YOUR OBJECTIVE:
Exact repetition of a range: find the line containing "MAXIMUM PERFORMANCE: HAF" and the line containing "de Italia |" in the material below, then repeat both and all lines between them, leaving pictures out.

DATA FOR THE TASK:
=-=-=-=-=
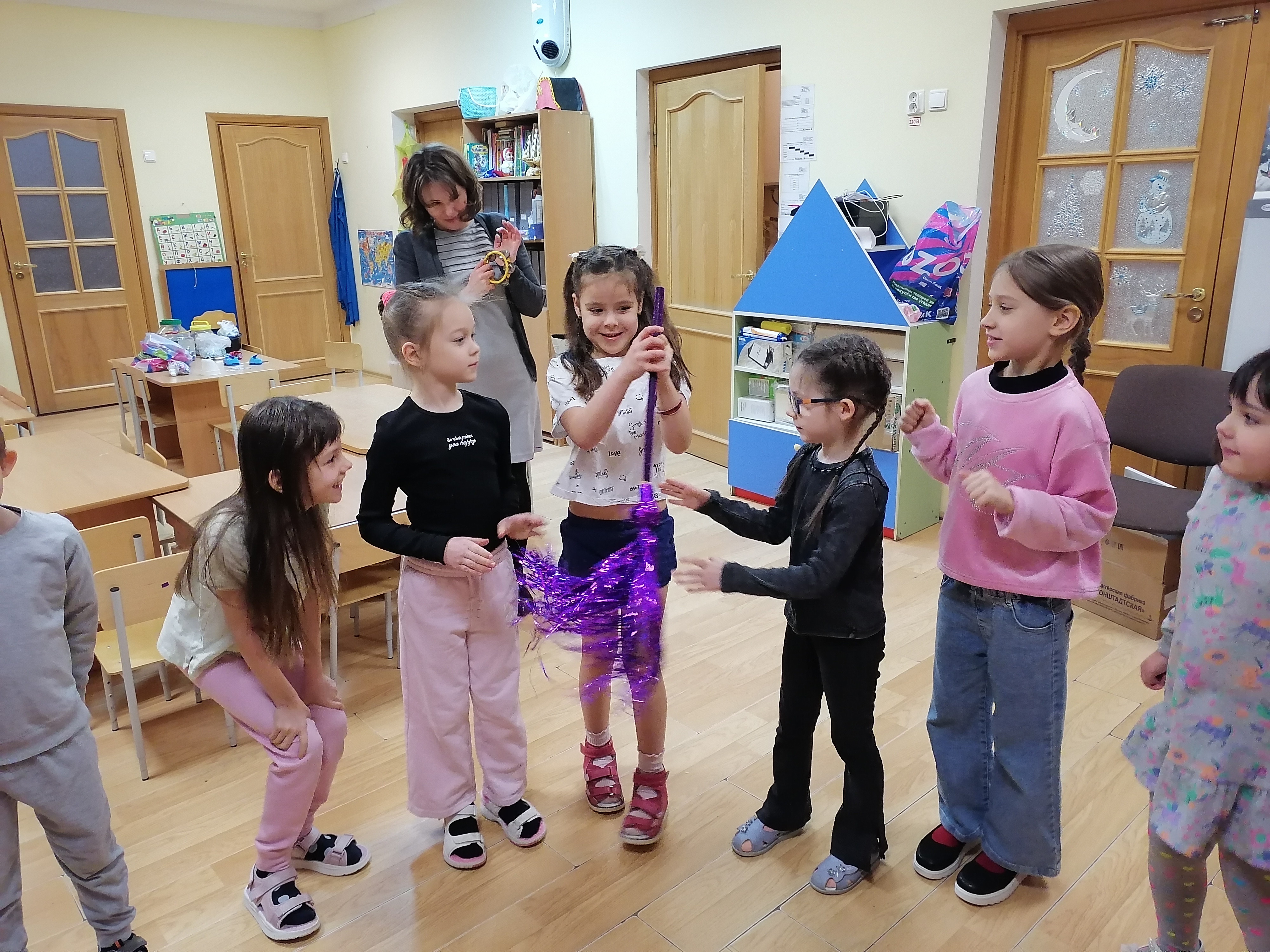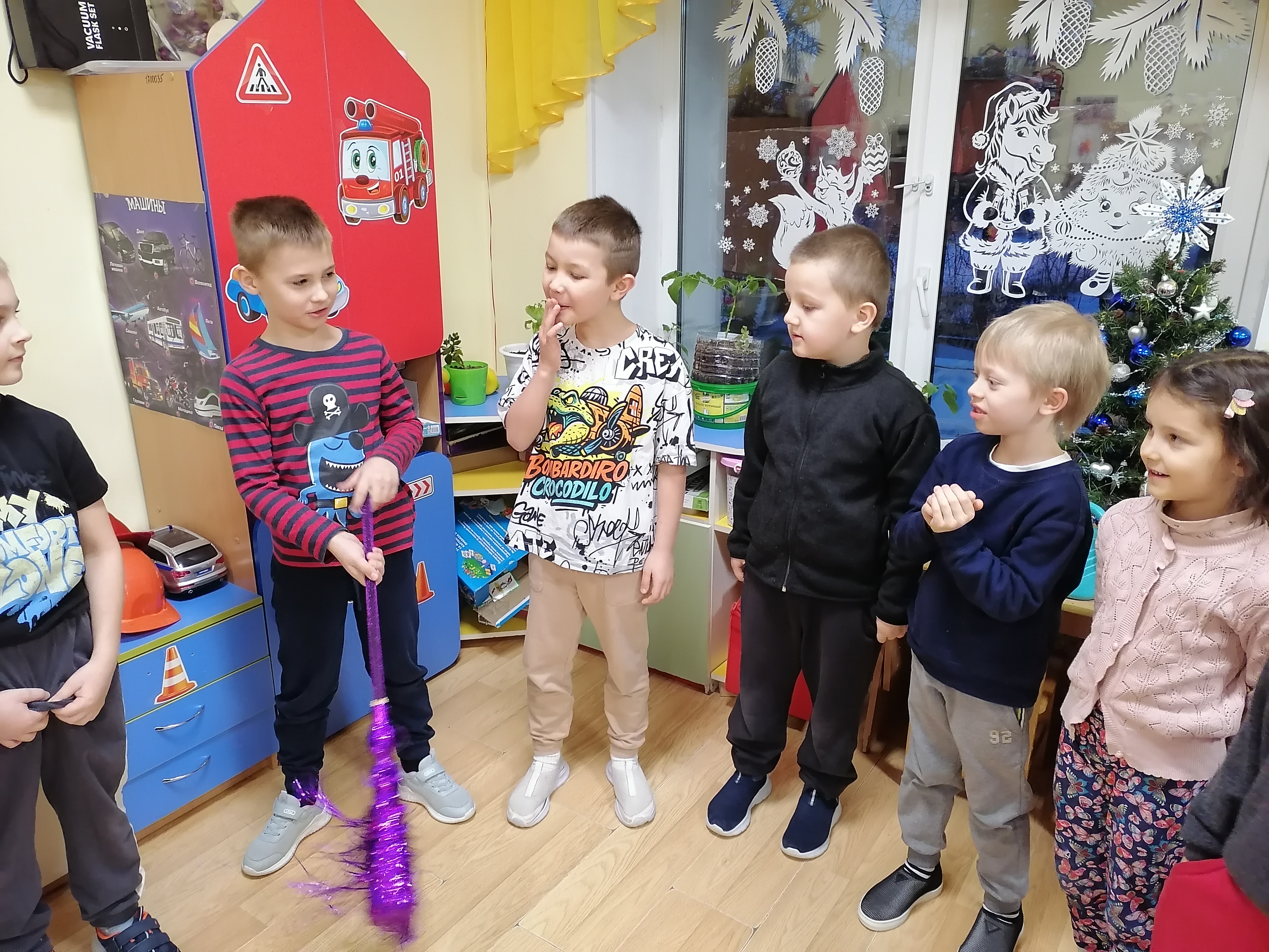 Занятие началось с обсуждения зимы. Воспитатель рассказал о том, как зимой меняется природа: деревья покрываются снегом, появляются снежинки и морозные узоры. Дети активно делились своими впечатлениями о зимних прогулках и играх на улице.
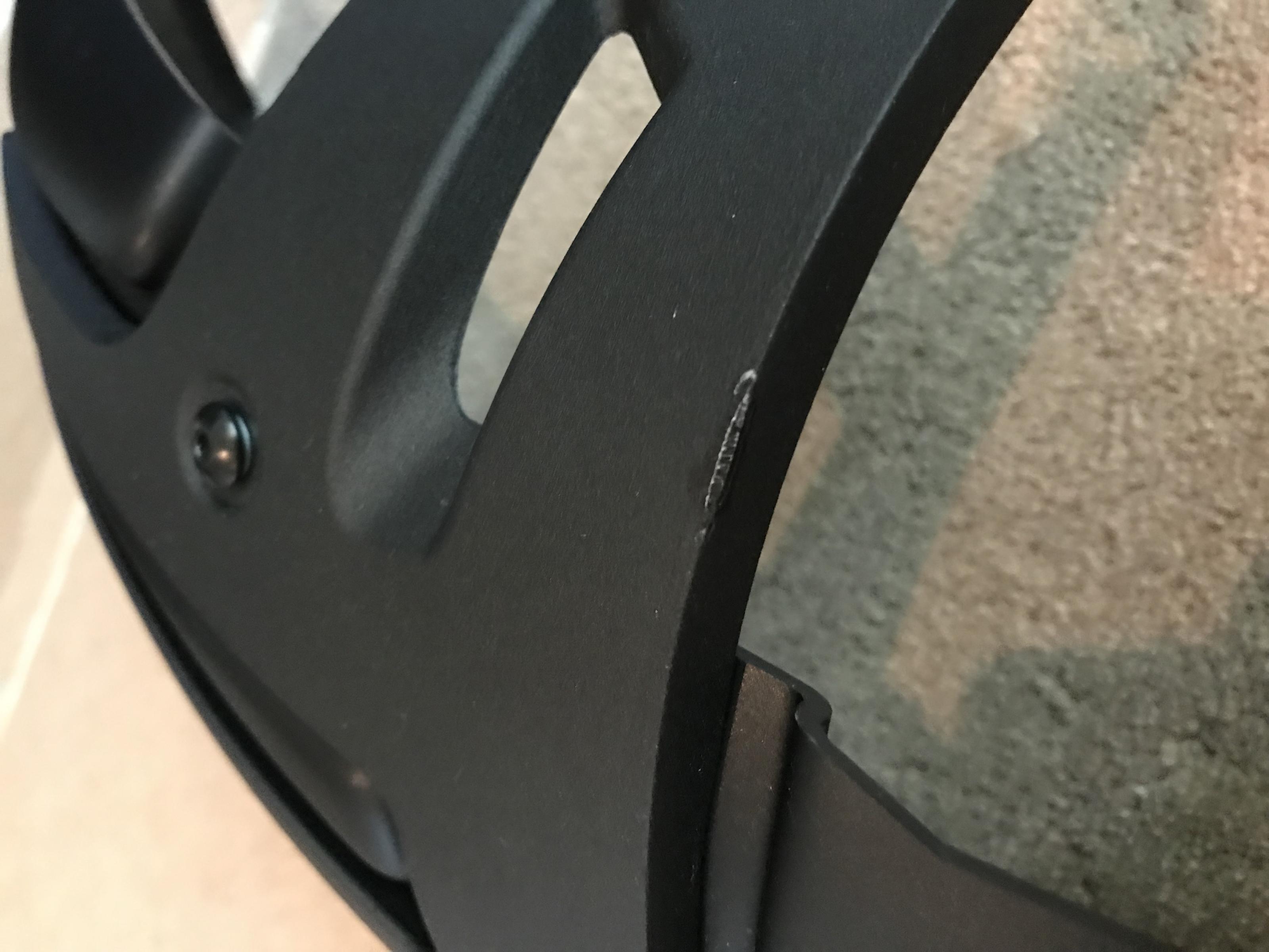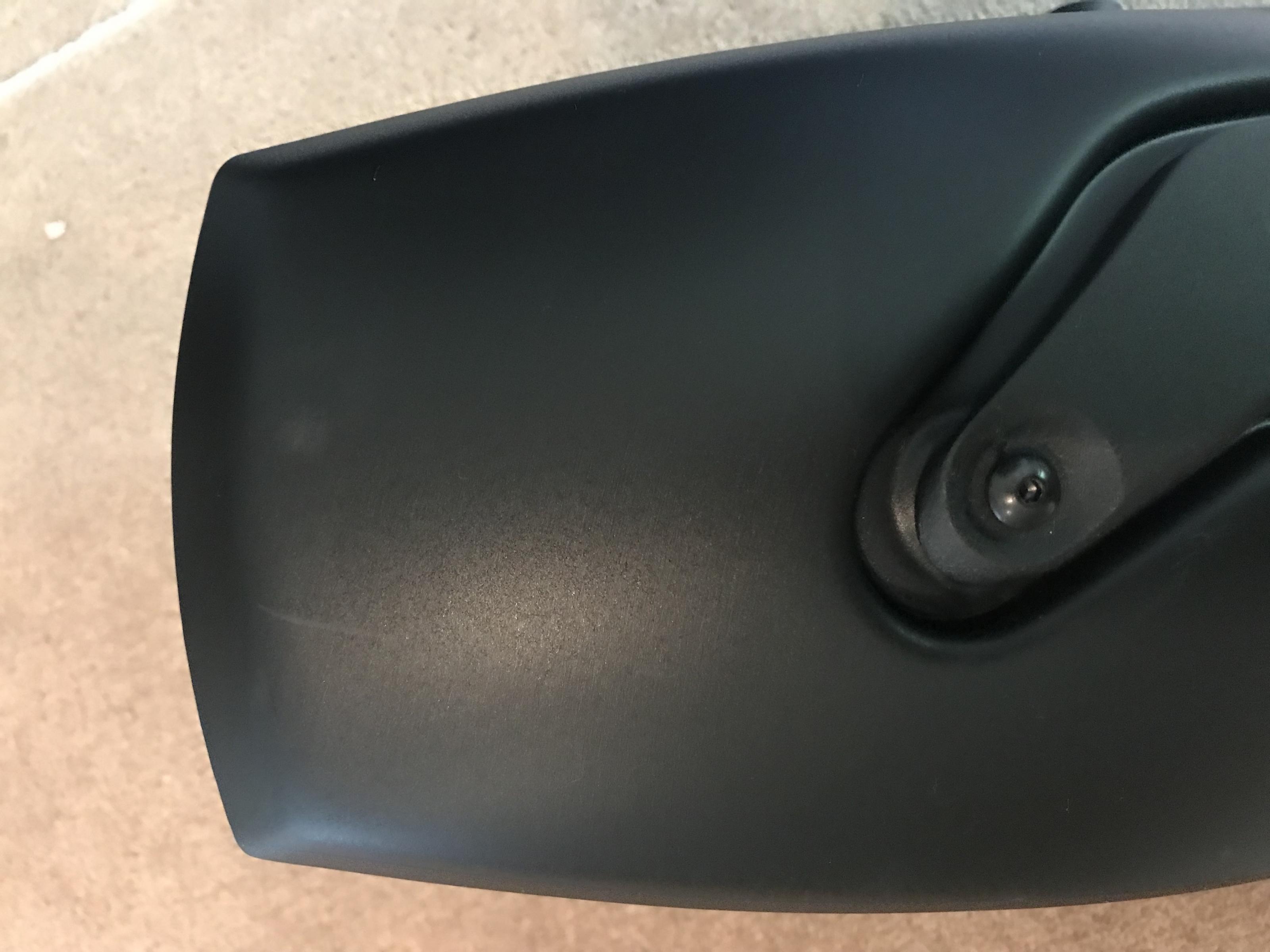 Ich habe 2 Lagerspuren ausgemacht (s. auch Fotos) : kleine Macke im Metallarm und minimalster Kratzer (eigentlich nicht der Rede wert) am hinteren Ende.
=-=-=-=-=
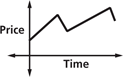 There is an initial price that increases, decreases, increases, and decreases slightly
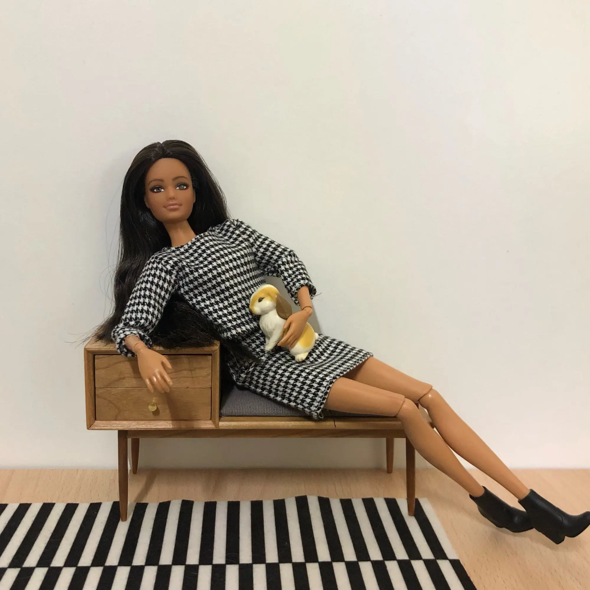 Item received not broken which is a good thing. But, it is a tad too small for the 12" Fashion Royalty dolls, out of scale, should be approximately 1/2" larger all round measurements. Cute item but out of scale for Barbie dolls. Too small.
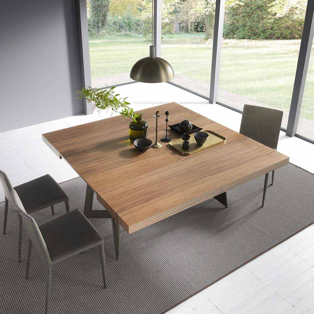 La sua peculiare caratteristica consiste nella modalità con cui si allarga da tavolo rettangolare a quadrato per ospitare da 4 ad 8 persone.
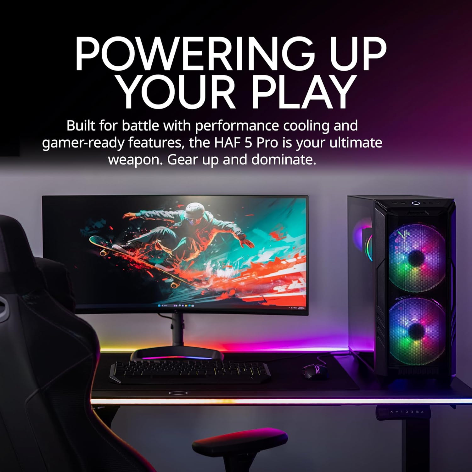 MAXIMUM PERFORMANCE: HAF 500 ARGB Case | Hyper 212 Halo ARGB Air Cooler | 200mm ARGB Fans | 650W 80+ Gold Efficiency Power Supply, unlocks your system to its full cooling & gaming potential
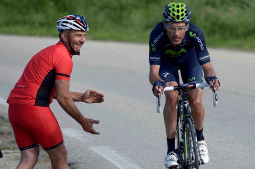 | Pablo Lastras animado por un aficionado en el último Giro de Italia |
=-=-=-=-=
WRITTEN RESPONSE:
 MAXIMUM PERFORMANCE: HAF 500 ARGB Case | Hyper 212 Halo ARGB Air Cooler | 200mm ARGB Fans | 650W 80+ Gold Efficiency Power Supply, unlocks your system to its full cooling & gaming potential
 | Pablo Lastras animado por un aficionado en el último Giro de Italia |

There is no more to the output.